When does an accelerator computing strategy work best?

The easiest answer is if your application is extremely data parallel in nature, then it may be well suited for an accelerator strategy. The word extremely is the critical part.

If your application only performs some level of data parallelism and includes task, thread and cluster level parallelism or contains a small fraction of branching or is host to irregular data sizes, then perhaps an accelerator may not be the best fit.

How much real performance will an accelerator strategy deliver?

Often times we hear claims of 10X, 20X or even greater than 30X.

These are great headlines, but as many have noted, you need to understand an accelerators impact on the total execution time of your application.  What may have been 10X to 30X or more on a kernel of the application may only deliver a mere 2X to 3X or even less in terms of total application performance improvement.

Of course the real question is what are we really comparing performance speed ups to?

I have seen well tuned software on accelerators compared to “baseline” code running on one core of an old processor.  However, when you use available software technology and turn compiler flags on and add in a math kernel library call the performance on multi-core solutions can jump by over 10X and in some cases can exceed 30X multiples for total execution time.  This standards based accelerated software will scale forward as newer microarchitectures are made available from Intel.

Why is the difference between the promise and the actual performance so great?

Always a good question.

The promise deals with a small part or a kernel of the software that is data parallel and can potentially scale linearly as more compute resources are added.  Again if the application is extremely data parallel, then an accelerator strategy may be the correct approach.

However, when the actual performance result, or total application performance, is significantly different it is often because of several things.

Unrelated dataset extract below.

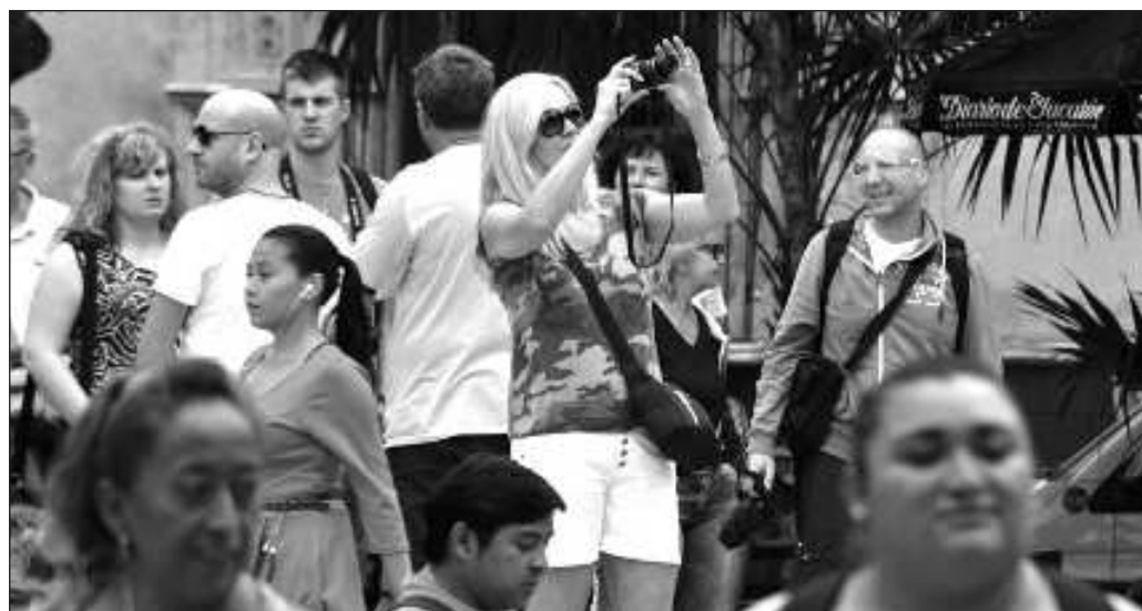
▲ El incremento en la llegada de visitantes, después de la pandemia de Covid-19 y la dramática caída de la actividad turística ocasionada por el confinamiento, no es poca cosa.

Los tiempos electorales inician formalmente en unos cuantos días. Esperamos escuchar evaluaciones objetivas de lo que se ha hecho bien y la manera en que se puede mejorar.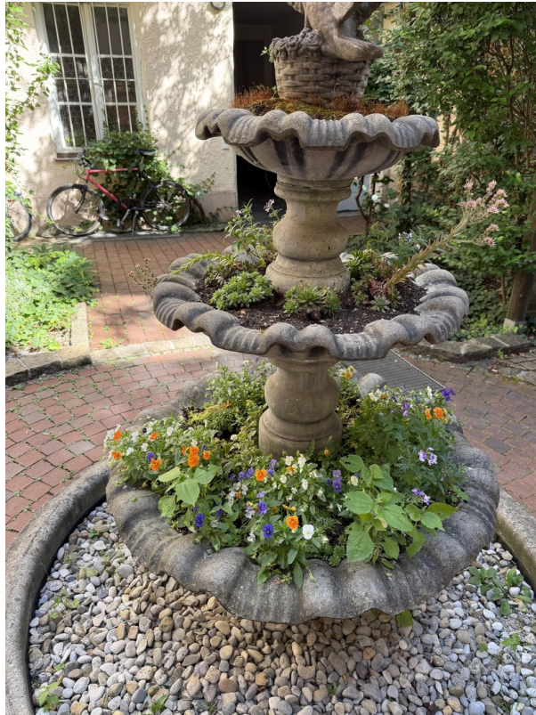
Begrünter Brunnen im Innenhof

  • One common reason is that you may be comparing optimized software on multi-core systems to optimized software on an accelerator.  When I compare similarly optimized software on a multi-core system I see that 20 – 30X difference often fades to less than 2X  and in most cases better than hardware accelerators.  This is because optimized software on a multi-core solution accelerates all components of the application.
  • Another situation is the bandwidth imbalance of the attach points of the accelerators, typically the attach speeds do not match the memory bandwidth or the ALU speed on the accelerators and the theoretical peak flops are tough to achieve.  Sometimes, for larger workloads due to limited amount of memory on the accelerator card, performance deteriorates.
  • Another situation may be that your application depends on different forms of parallelism which include task, thread or cluster level parallelism and even in some cases sequential forms of your software

So back to the differences in performance between the Cray 1 and CDC Cyber 205.

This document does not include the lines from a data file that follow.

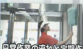
日常作業の流れと定期作業

一般社団法人 大阪ビルメンテナンス協会 ビルクリーニング部会 (株)加藤均総合事務所/美業建物管理(株)/(株)栄光社/関西明装(株)/(株)カンソー/北大阪ビルメンテナンス(株)近建ビル管理(株) 興産管理サービス・西日本(株)/(株)ケイ・エス・サービス/互光建物管理(株)/(株)ジェイアール西日本総合ビルサービス (株)ジェイアール西日本メンテック/信栄ビルサービス(株)/星光ビル管理(株)/(株)太陽ビルマネージメント/東宝ビル管理(株) 南海ビルサービス(株)/南北ビルセイビ(株)/(株)ビケンテック/ビューテック(株)/(株)三橋商会/装栄(株)/(株)テラモト/シーバイエス(株) ベンギンワックス(株)/(株)リソレイ/一般社団法人 関西環境開発センター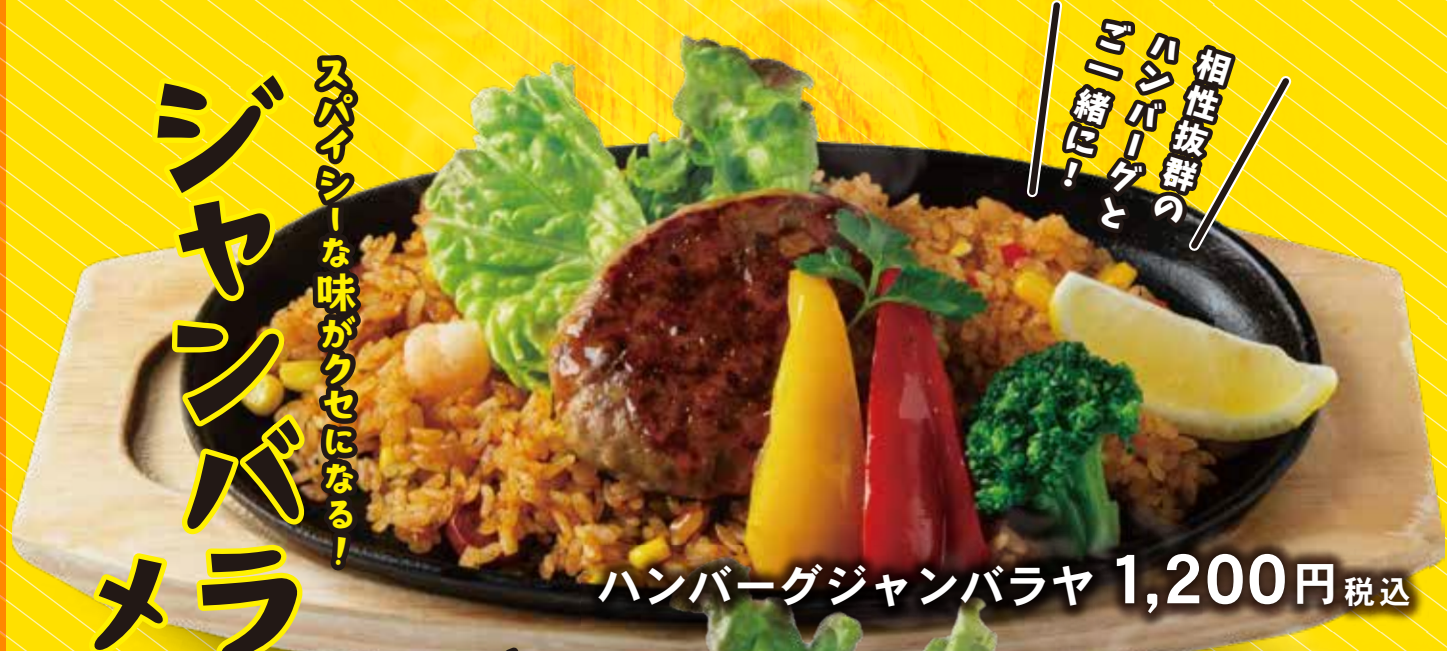
ハンバーグジャンバラヤ 1,200円 税込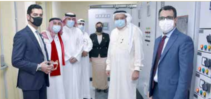
المنامة- هيئة شؤون الكهرباء والماء

بكلفة 3.5 ملايين دينار وتعمل بنظام الطاقة الشمسية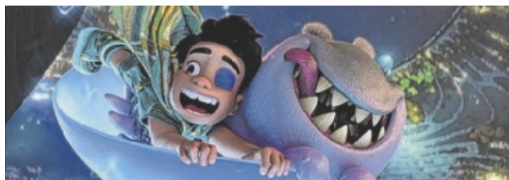
Das neue Disney und Pixar-Abenteuer ist galaktisch gut!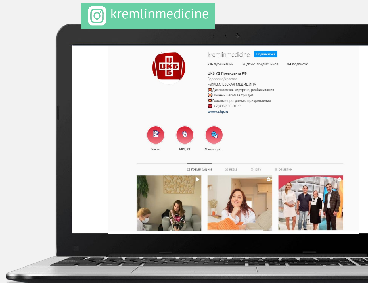
Центральная клиническая больница с поликлиникой Управления делами Президента РФ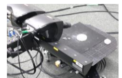
3Dデジタルサイネージ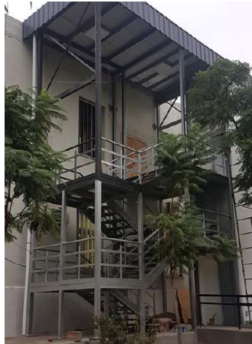
Ilustración 11. Escalera FCEyA

En el caso de la Facultad de Ciencias Económicas y de Administración (FCEyA) , ubicada en el segundo nivel del Edificio Pabellón General Herrera del Predio Universitario de la UNCA , se intervino sobre la accesibilidad arquitectónica y el sistema de evacuación de sus instalaciones.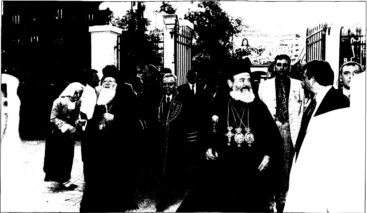
Οί Προκαθήμενοι τών δύο Ἐκκλησιῶν Παναγ. κ. Βαρθολομαῖος καί Μακ. κ. Χριστόδουλος προσέρχονται στό Οἰκονομικό Πανεπιστήμιο συνοδευόμενοι ἀπό τόν Πρύτανη.

ρεασμένοι ἀπό τίς ιδέες του Adam Smith, οἱ οἰκονομολόγοι ἄρχισαν ἀπό τήν προκλασική ἐποχή νά ὀραματίζονται ἕναν κόσμο μέ δικαιοσύνη, μιᾶ κοινωνία μέ ἀνθρώπινο πρόσωπο. Ὡς ἀποτέλεσμα τῆς προσπάθειας αὐτῆς ἀναπτύχθηκε ἕνας ὀλόκληρος κλάδος τῆς οἰκονομικῆς ἐπιστήμης πού σήμερα εἶναι γνωστός ὡς Δεοντολογική Οἰκονομική (Normative Economics) σέ ἀντιδιαστολή πρὸς τήν Θετική Οἰκονομική (Positive Economics). Πρόκειται γιά τόν κλάδο τῶν οἰκονομικῶν πού ἀσχολεῖται μέ τή δικαιοτέρα κατανομή τοῦ εἰσοδήματος, μέ τή δικαιοσύνη στίς οἰκονομικές συναλλαγές, μέ τήν ἀπόρριψη τῆς ὑπερκατανάλωσης καί μέ τήν προστασία τοῦ περιβάλλοντος.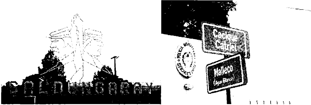
IMAGEN 3. a. Saldungaray: monumento acceso a planta urbana b. Chasicó. Cartelería en nombre de calles

La presencia de lo indígena aparece en forma esporádica mediante diversos mecanismos. Las operaciones de reposicionamiento y los relatos varían según el momento de la realización de la operación, y puede leerse y narrarse en diversas claves, pero se encuentran en lugares marginales en relación a la naturaleza y a las marcas territoriales de otro origen.-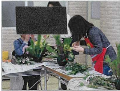
季節感あふれるフラワーアレンジメント教室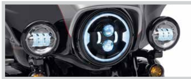
Teilenr. 67700430 – SCHWARZ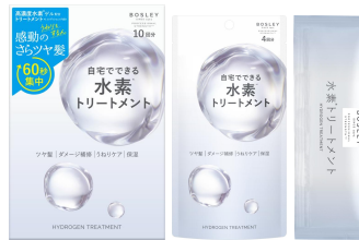
水素トリートメント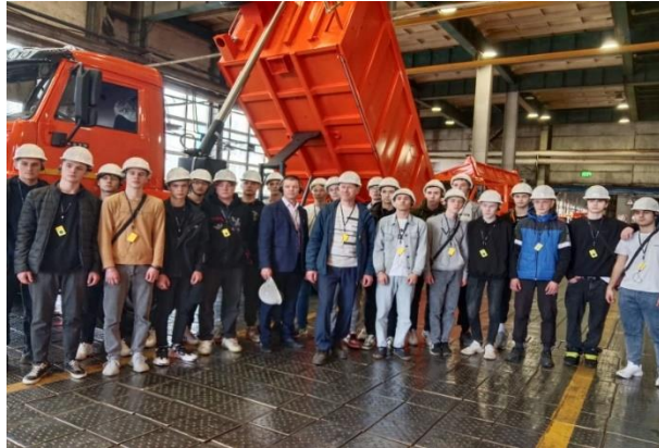
для 294 студентов проведены экскурсии по заводу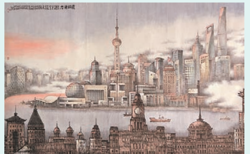
■「上海風貌」板塊以陸家嘴象徵上海的今天。

用幾年時間創作一幅畫，但現在有些畫家一天就能畫十幅，質量怎可同日而語？」他直言，有藝術追求的畫家，應該少一點追名逐利，多幾分靜心沉思，才能不斷精進。除了雙休日返家，其餘時間沈向然都「隱居」於遠離上海市區的青浦工作室，躲避俗事之擾，潛心繪畫創作與研究。他推崇王維的「半隱半官」，並將自己的生活狀態戲稱為「半隱半露面」，「藝術家應當既遊走於時代，又不為之所左右。」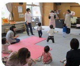
<おはなし会の様子>

5/8から始まった「みどりおはなしフェスタ」。緑区内で行われているお話し会を2か所・3回以上回ってスタンプを集めると、可愛いマスクットがもらえます。今回は、長津田地区で活動している【親子の居場所ふたば】のお話し会に行ってきました。【ふたば】は、長津田地区2か所のでママたちの気分転換・息抜きを提供している、親子の居場所です。この日の会場は長津田地域ケアプラザ。双子ちゃん1組を含めた8組の親子が、パラバルーンで遊んだり、パネルシアター“いぬのおまわりさん”等を楽しみました。【ふたば】にはランチタイムもあり、持ち込んだお弁当を食べながらスタッフが作った地元野菜たっぷりの汁物もいただけます。(参加費200円は汁物込み) 詳しい活動内容は左のQRコードから見る事が出来ます☆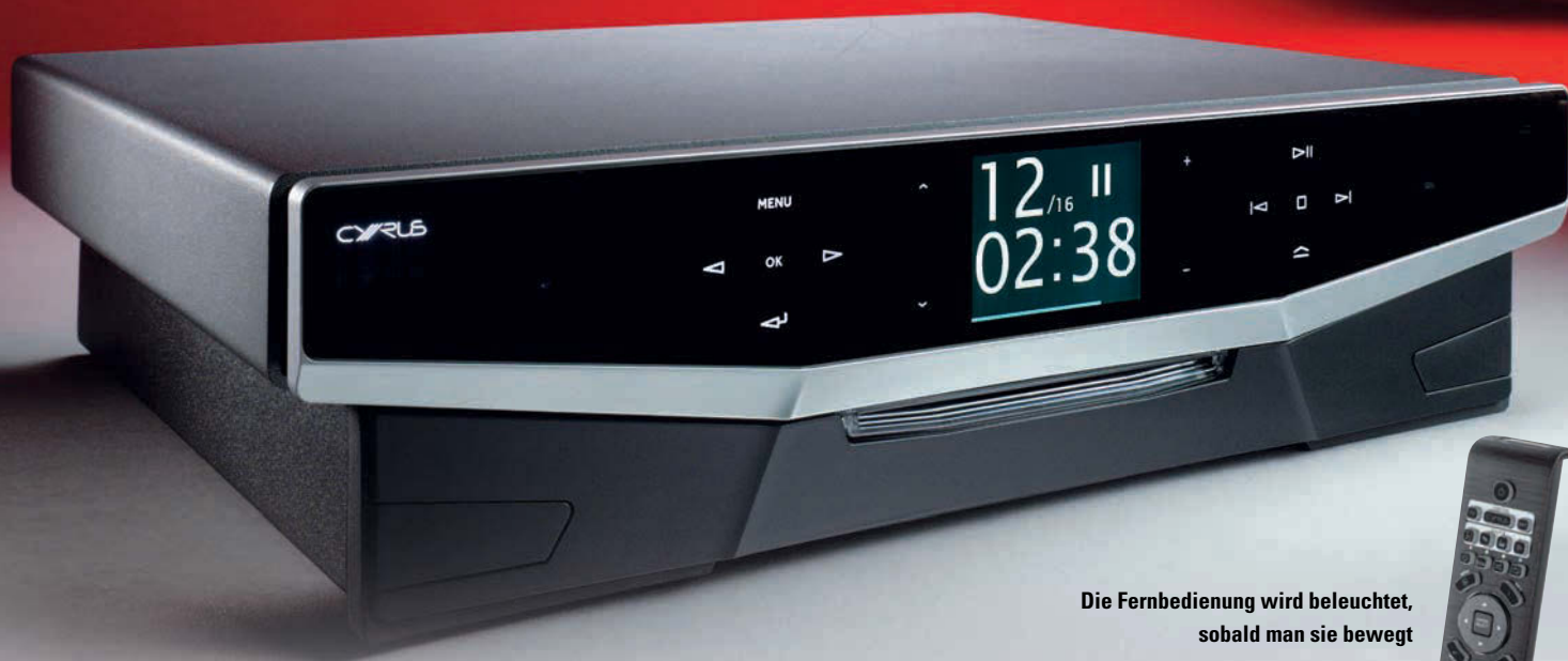
Die Fernbedienung wird beleuchtet, sobald man sie bewegt

Selten erregte eine Anlage derartiges Aufsehen und fand so viel begeisterte Zustimmung wie diese, mit der sich Cyrus eindrucksvoll zurückmeldet

While Cyber 205 was great at edges of science the Cray proved to be the workhorse of high performance computing.  It offered better system balance than the Cyber 205.  Here is an example, if you take great care to optimize your software for a particular architecture you will no doubt see tremendous performance gains.  However, like the Cyber 205, if you break that pipeline you need to pay for the overhead to restart the long vector pipeline.  Often times, even with today’s accelerators, that start up cost reduces what appears to be stellar performance gains of the Cyber 205 to being no better than, or sometimes, even slower than the Cray 1.  There were of course examples with the Cyber 205, as there is today with accelerators that demonstrate where select sciences can see tremendous advantages over traditional computing solutions.

What other considerations may weigh in your decision to adopt an accelerator strategy?

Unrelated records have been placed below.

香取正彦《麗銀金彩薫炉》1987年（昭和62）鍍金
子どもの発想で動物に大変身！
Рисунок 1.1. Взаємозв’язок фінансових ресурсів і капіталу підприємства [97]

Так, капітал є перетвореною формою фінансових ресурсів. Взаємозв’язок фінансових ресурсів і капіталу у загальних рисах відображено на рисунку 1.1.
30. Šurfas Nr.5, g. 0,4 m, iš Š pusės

Are you constantly refining your software?

Many researchers would probably answer yes.  They are constantly refining their software to improve the results the performance or both.

As I mentioned at the beginning of the blog, the old adage still remains true, software will outlive the useful life of hardware.  So it is important to be able to quickly adapt to new shifts.  One way to simplify these moves is to use standards based tools which can give you the flexibility to create applications that can use the multiple types of parallelism mentioned above via tools, compilers, and libraries.  You may also want to use standards based tools to acquire the versatility you need in order to scale your software across multiple architectures – e.g. large, many and heterogeneous cores.

The caveat with respect to using non standard tools is that you become locked into a specific architecture.  If that architecture from the same vendor would happen to change, you may be required to make some significant changes (e.g. tuning to grain sizes).

Do you want to maintain, support and update multiple code bases?

I don’t.  I want to invest n the development of parallel algorithms.  The old adage is that software will far out live any hardware implementation still applies and I need the flexibility and versatility to quickly and as painlessly as possible be able to adopt new architectures as they are made available.  I do not want to invest in maintaining, supporting and updating an ever increasing set of code streams as newer architectures are made available.

Our team goal at Intel is to develop software tools and hardware technology that can help you scale-forward your application performance to future platforms without requiring a massive rebuild – just drop-in a new runtime that is optimized for the new platform to experience the improvement (akin to the printer/display driver model, buy a new printer/display, install the respective driver, and your system enjoys improved benefits).  That is the goal.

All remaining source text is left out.